Likewise, while the polls show Biden consistently beating the President in Michigan as a whole, the UP is still Trump country.
“I can tell you that Marquette County will go blue. Houghton County may go blue also. The rest of the place is Trump country, like it or not,” said Charley Bastian, a 69-year old long-time Marquette resident. Bastian doesn’t like that at all.
Like many Michiganders, he was born in the Detroit area; his father was from the Upper Peninsula city of Calumet, which once had six times as many people as it does today, and was the center of the state’s mining industry. He came south when the jobs disappeared.
But Charley, his youngest son, came back in his 20s, and now is the co-owner of a company called Advanced Mobile Accessories, which puts electronics equipment in cars; he is also a big music organizer in Marquette, which is sort of the unofficial capital of the region.
Marquette is unlike the rest of the UP; it somewhat resembles a smaller Ann Arbor, and the downtown is upscale and gentrified. Political alignment these days is often as much cultural as economic, and this is the one place where Trump supporters are in a minority.
Donckers, a legendary candy store and café, proudly displays photos of President Obama touring their place. Marquette County was the only one in the UP to support Hillary Clinton.
Marquette, however, is a tiny island in a mainly rural world. Though it is the biggest city in the UP, it has only 21,000 residents. Visitors from places like Detroit are often overwhelmed by how huge and empty the UP is. You could put New Jersey and Massachusetts in the same area and have a thousand square miles left over. Those two states combined have more than 15 million people.

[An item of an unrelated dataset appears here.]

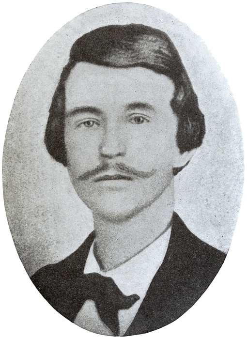 For some time preceding 1857, Quantrell’s only brother lived in Kansas. He wrote to his younger brother, Charles, to come there, and after his arrival they decided on a trip to California. About the middle of the summer of 1857 the two started for California with a freight outfit. Upon reaching Little Cottonwood River, Kansas, they decided to camp for the night. This they did. All was going well. After supper twenty-one outlaws, or Redlegs, belonging to Jim Lane at Lawrence, Kansas, rode up and killed the elder brother, wounded Charles, and took everything in sight, money, and even the “nigger” who went with them to do the cooking. They thought more of the d——d “nigger” than they did of all the rest of the loot. They left poor Charles there to die and be eaten later by wolves or some other wild animal that might come that way. Poor Charles lay there for three days before anyone happened by, guarding his dead brother, suffering near death from his wounds. After three days an old Shawnee Indian named Spye Buck came along,16 buried the elder brother and took Charles to his home and nursed him back to life and strength. After six months to a year Charles Quantrell was able to go at ease, and having a good education for those days, got a school and taught until he had earned enough money to pay the old Indian for keeping him while he was sick and to get him to Lawrence. He reached Lawrence and went to where Jim Lane was stationed with his company. He wanted to get into the company that murdered his brother and wounded himself. After a few days he was taken in and, from outward appearance, he became a full-fledged Redleg, but in his heart he was doing this only to seek revenge on those who had killed his brother and wounded him at Cottonwood, Kansas.

The Upper Peninsula has maybe 300,000. Mark Dobias is an irreverent, funny and smart attorney who was born in Cheboygan, went to law school in Detroit and now practices throughout the UP and northern Lower Peninsula.
“I’ve been mainly stuck in my COVID silo,” he said, meaning he hasn’t been traveling much because of the virus. But when he has driven out, he has seen a “forest of Trump signs” across the region.
Still, he thinks he may be seeing a few cracks in the red wall. “I have no doubt that Donald Trump will carry the Eastern UP,” he said, but perhaps not by quite as much as before. He noted that a New York Times story last month found some Trump supporters wavering.
The story quoted one man, a health care CEO, as saying he was abandoning Trump because of his lack of leadership on the coronavirus crisis. Another woman who has a blueberry farm said “I’d vote for a tuna sandwich before I’d vote for Trump.”
Still, the President has some things going for him. Unemployment (8.2 percent) is actually lower in the UP than statewide (9.5 percent) something that seldom happens.
UP voters also tend to be staunchly pro-gun and anti-abortion, and President Trump unabashedly appeals to those sentiments.
Republicans may have a problem, however: Their candidate for governor did carry the UP two years ago, but by only 7,000 votes.
That helped make some Democrats think they have a chance to beat two-term Republican Congressman Jack Bergman, a retired U.S. Marine Corps general who, they charge, spends more time in Louisiana than Michigan. They nominated Dana Ferguson, a union carpenter and small businessman from the mining town of Negaunee.
But he faces an uphill battle, in part because he is pro-choice and is severely underfunded. “Nice guy,” Dobias said, adding, “the general will slaughter him.”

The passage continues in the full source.